What is needed: Would you write out the full listing exactly, without any pictures?

═════ Raw data ═════

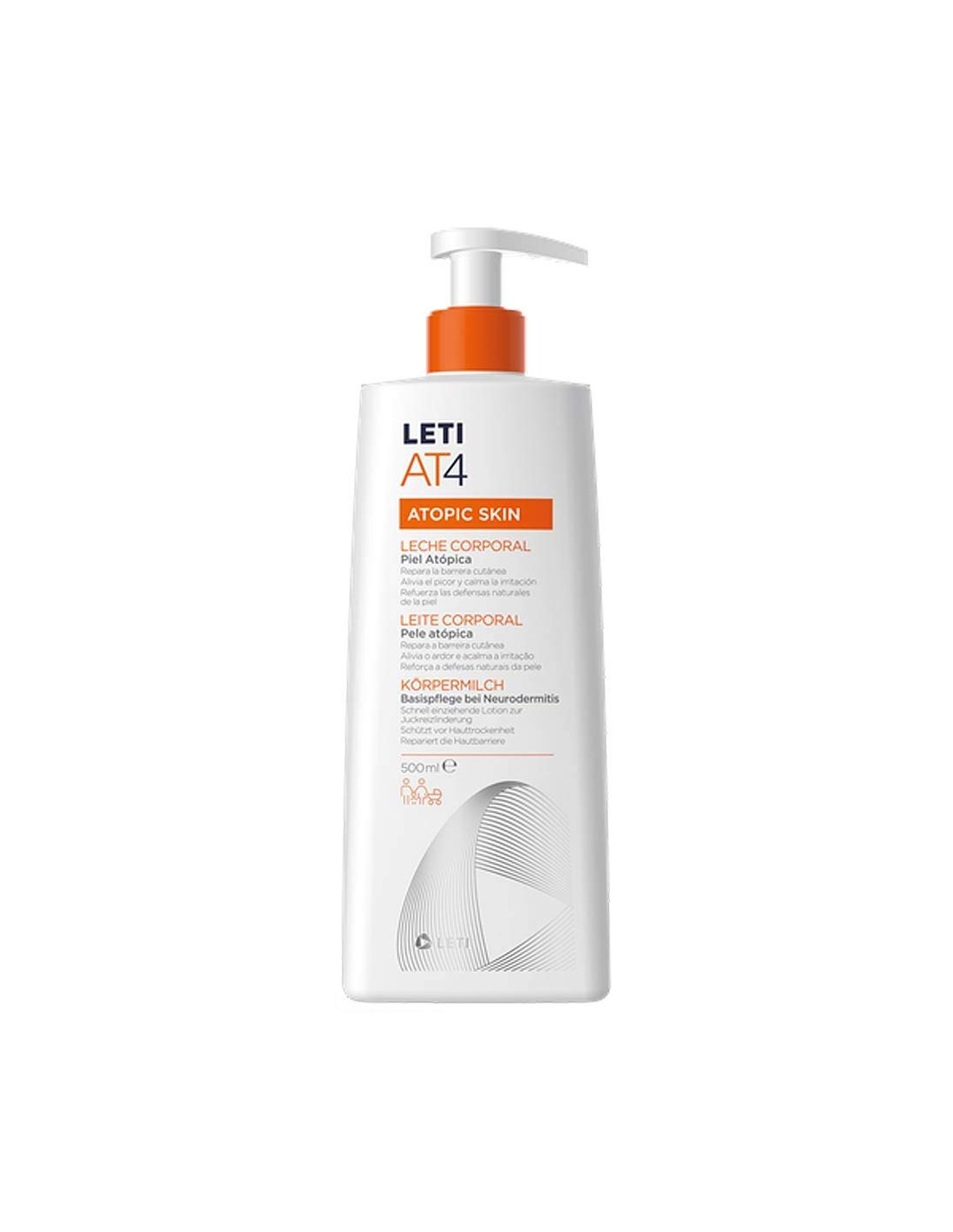 - Aplicar Leti AT4 Leche Corporal sobre la piel limpia y seca después del baño o ducha.
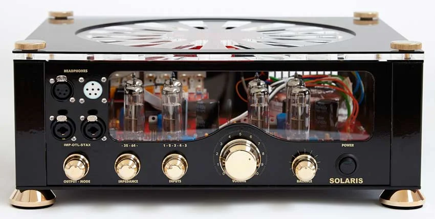 AudioValve Solaris - ламповый усилитель для динамических и электростатических наушников. Диапазон частот: 15 - 10000 Гц. Выходная мощность: до 2 х 12 (на 220 Ом). Сопротивление нагрузки: 3 - 145 000 Ом / Stax. Размеры (Ш х В х Г): 360х140х320 мм. Вес: 10 кг.
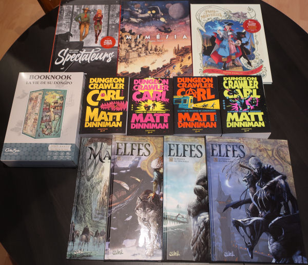 Houlà il ne faut jamais faire un tour chez Cultura, c'est l'assurance de repartir les poches pleines ! - Un book Nook original avec un décor de montagne du Japon - Les 4 volumes de Dungeon Crawler Carl car j'ai dévoré le premier emprunté à la médiathèque, mais il mérite d'être dans ma bibliothèque - Les volumes 5, 6 et 7 des Elfes, et très mal rangé avec eux, le volume 8 ... des mages alors que je pensais prendre celui des Elfes. Bon ce n'est pas perdu c'était la collection que je comptais entamer ensuite.

═════

Exercise output:
 - Aplicar Leti AT4 Leche Corporal sobre la piel limpia y seca después del baño o ducha.
 AudioValve Solaris - ламповый усилитель для динамических и электростатических наушников. Диапазон частот: 15 - 10000 Гц. Выходная мощность: до 2 х 12 (на 220 Ом). Сопротивление нагрузки: 3 - 145 000 Ом / Stax. Размеры (Ш х В х Г): 360х140х320 мм. Вес: 10 кг.
 Houlà il ne faut jamais faire un tour chez Cultura, c'est l'assurance de repartir les poches pleines ! - Un book Nook original avec un décor de montagne du Japon - Les 4 volumes de Dungeon Crawler Carl car j'ai dévoré le premier emprunté à la médiathèque, mais il mérite d'être dans ma bibliothèque - Les volumes 5, 6 et 7 des Elfes, et très mal rangé avec eux, le volume 8 ... des mages alors que je pensais prendre celui des Elfes. Bon ce n'est pas perdu c'était la collection que je comptais entamer ensuite.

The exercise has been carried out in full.